For a deeper dive, here’s the code for processing tasks that generates specific comments:


async def generate_specific_comments(self):

        system_message = 'As an essay counselor, your task is to ... (cut off for space)'

        paragraphs: list[str] = self.text.split("\n")

        async with asyncio.TaskGroup() as tg:

            tasks = []
            for paragraph in paragraphs:
                if len(paragraph) <= 300:
										continue
                task = tg.create_task(OAI_SERVICE.generate_chat_completion(system_message,
                                                                           paragraph,
                                                                           "gpt-4",
                                                                           max_tokens=80,
                                                                           temperature=0.5))
                tasks.append(task)

            for coro in asyncio.as_completed(tasks):
                completion, cost = await coro
                self.processing_costs += cost
                unparsed_comments = completion.split("\n")
                self.add_unparsed_comments(unparsed_comments)

One thing that I found is that processing on these essays (while still pretty small) was way worse with larger inputs. In searching for a way to reduce the size of the essay inputted to the LLM, I decided to break up each essay and process paragraphs independently of each other. To reduce the amount of time the processing took, all of the processing tasks happen in parallel.

Bypassing the Google Docs Commenting API & Generating Reports

Google’s API’s can get somewhat frustrating just because they are incomplete. In this particular case, they don’t allow people to programmatically generate anchored comments on Google Docs. So I had to get creative because my friend relies on Google Docs as a key part of his workflow.

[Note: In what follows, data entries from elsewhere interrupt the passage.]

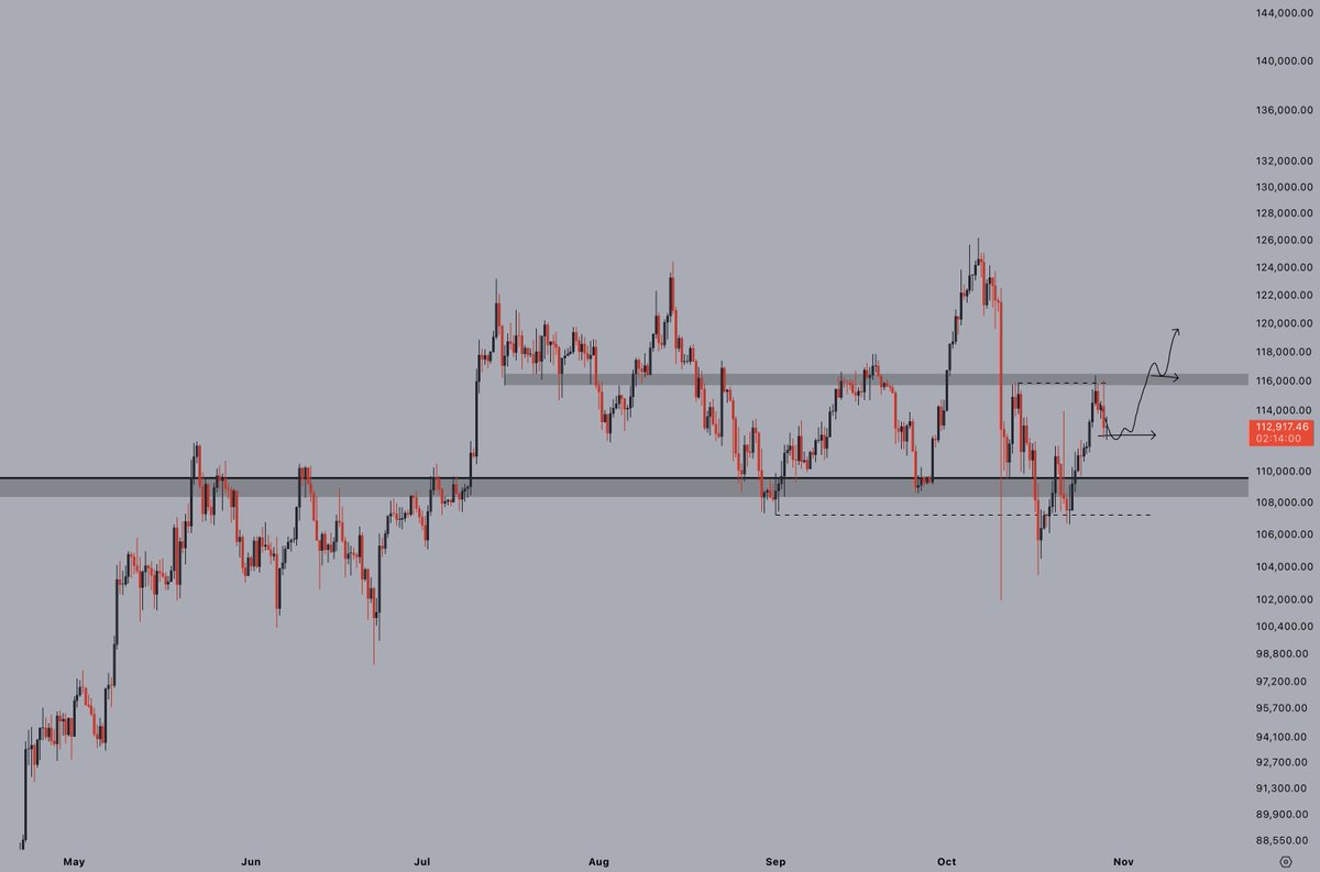 #Bitcoin is still moving to plan, slowly but surely forming a higher low in the $112k region as discussed this week.
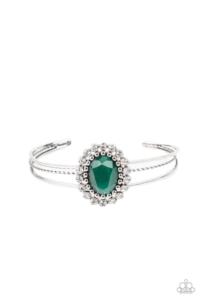 Bordered in glitzy rings of glittery white rhinestones and shiny silver studs, a faceted Leprechaun gem adorns the center of an ornately layered silver cuff for a flowery fashion.
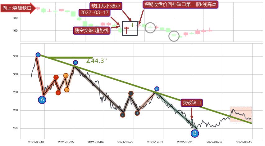 ➢ 突破缺口形成后,后续k已经超过14根,跳空突破趋势线关键点后, 出现【完全回踩】迹象,短期收盘价回补缺口第一根k线高点
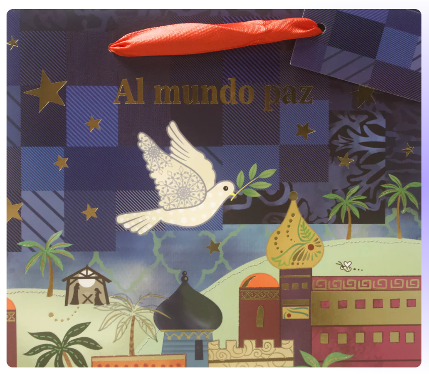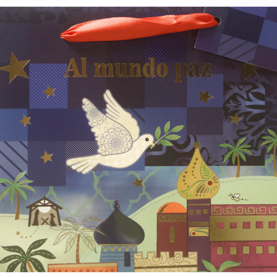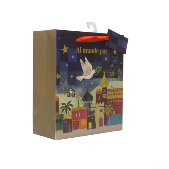 Esta bolsa de regalo mediana "Al mundo paz" es el detalle perfecto para envolver tus regalos con un mensaje de armonía y esperanza. Su tamaño ideal permite presentar obsequios de manera elegante y práctica, mientras que su diseño transmite un deseo de paz universal. Haz que cada regalo inspire sentimientos positivos y duraderos con esta bolsa que combina funcionalidad y significado en cada ocasión.
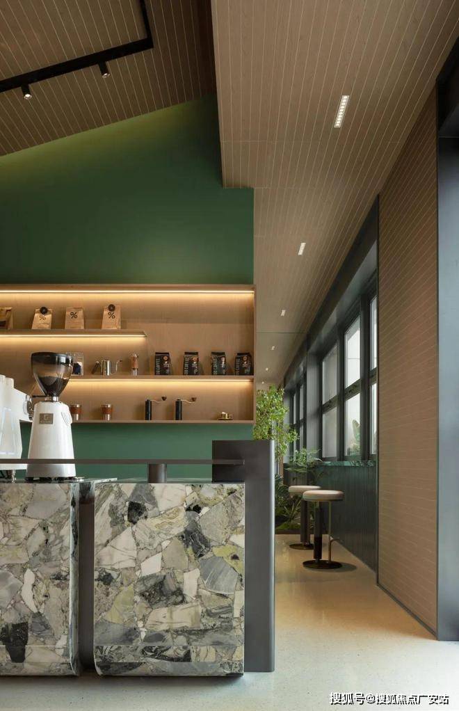 金色飘檐擦亮辨识度,南立面以大面玻璃主打,白、金、蓝灰为主调,配合部分涂料;基部用上了贝金米黄大理石,温润如月光。
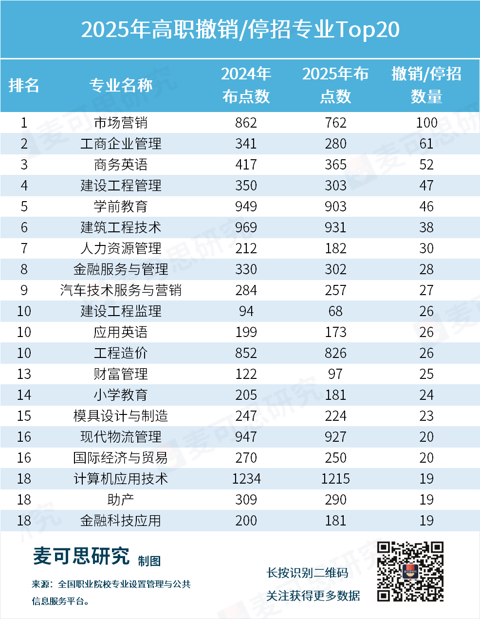 進(jìn)入2025年高職撤銷/停招專業(yè)榜前十的專業(yè)還有建設(shè)工程管理(減少47個(gè)專業(yè)點(diǎn))、學(xué)前教育(減少46個(gè)專業(yè)點(diǎn))、建筑工程技術(shù)(減少38個(gè)專業(yè)點(diǎn))、人力資源管理(減少30個(gè)專業(yè)點(diǎn))、金融服務(wù)與管理(減少28個(gè)專業(yè)點(diǎn))、汽車技術(shù)服務(wù)與營(yíng)銷(減少27個(gè)專業(yè)點(diǎn))、建設(shè)工程監(jiān)理(減少26個(gè)專業(yè)點(diǎn))、應(yīng)用英語(yǔ)(減少26個(gè)專業(yè)點(diǎn))、工程造價(jià)(減少26個(gè)專業(yè)點(diǎn))。
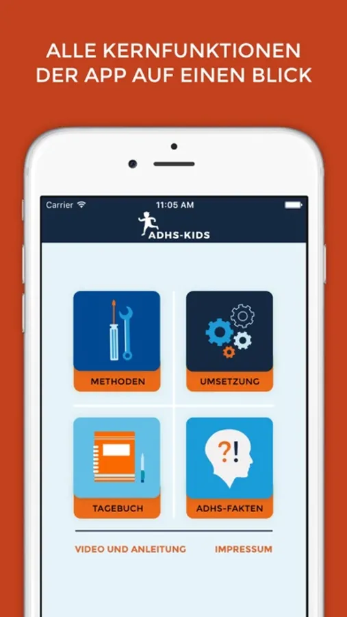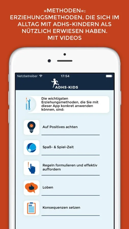 Im ersten Schritt lernen Sie über Videos, Texte und Merksätze konsequente Erziehungsmethoden kennen, um sich und damit Ihrem Kind zu helfen. Im nächsten Schritt geht es um die Umsetzung. Es werden die wiederkehrenden Probleme im Alltag mit dem hyperaktiven Kind beschrieben, die Sie bearbeiten können. Dann werden Erziehungsregeln mit positiven und negativen Konsequenzen definiert. Durch eine Erinnerungsfunktion können sie in das Familienleben integriert werden. Merksätze und Tipps dienen als Unterstützung im Alltag. Über ein Tagebuch werden die Fortschritte dokumentiert.
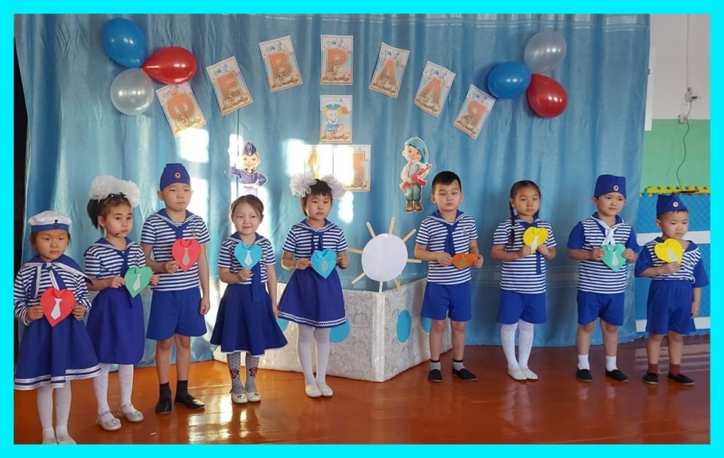 20.02.2023 г. С Днем защитника Отечества поздравляют всех пап и дедушек воспитанники старшей группы «Почемучки» и средней группы «Чыжыргана» МБДОУ Кызыл-Сылдысский летский сад»Челээш».
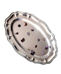 Un panier à pain en tissus de couleur noire avec un support métallique de couleur dorée de 11 cm de hauteur

When we were thinking of other options, I asked if it was okay if I uploaded Microsoft Word documents to Google Drive instead of a Google Doc because I had found a way to programmatically generate Word docs with comments (HUGE thanks to bayoo-docx ).

Then we realized that if we could export a Word Doc as a Google Doc, then we could upload a real Google Doc to Google Drive. This was the key workaround.


from googleapiclient.http import MediaFileUpload

def upload_word_doc(self, document_name, document):
        bytes_io = io.BytesIO()
        document.save(bytes_io)

        file_metadata = {"name": document_name, "parents": [self.folder_id]}

        with tempfile.NamedTemporaryFile(delete=False) as temp_file:
            temp_file.write(bytes_io.getvalue())
            temp_file.flush()

            media = MediaFileUpload(
                temp_file.name,
                mimetype="application/vnd.openxmlformats-officedocument.wordprocessingml.document",
                resumable=True,
            )

            file = (
                self.service.files()
                .create(media_body=media, body=file_metadata, fields="id")
                .execute()
            )

            file_id = file.get("id", "")

        os.unlink(temp_file.name)

        link = f"https://docs.google.com/document/d/{file_id}"

        return link

Here it basically extracts the raw file data and reconstructs the file (given the mimetype) into a MediaFileUpload object. Turns out when you upload something like a document to Google Drive, it automatically will make it a Google Doc. Problem solved.

Update Google Sheets

The final thing to do was to update the original Google Sheet to reflect that the entry had been processed. This step filled out an entry that indicated whether or not the essay had been processed, then it also filled in an entry with the Drive link to the Google Doc. Nothing too fancy here but it definitely was necessary to ensure that entries weren’t processed multiple times and just to integrate well with the workflow as a whole.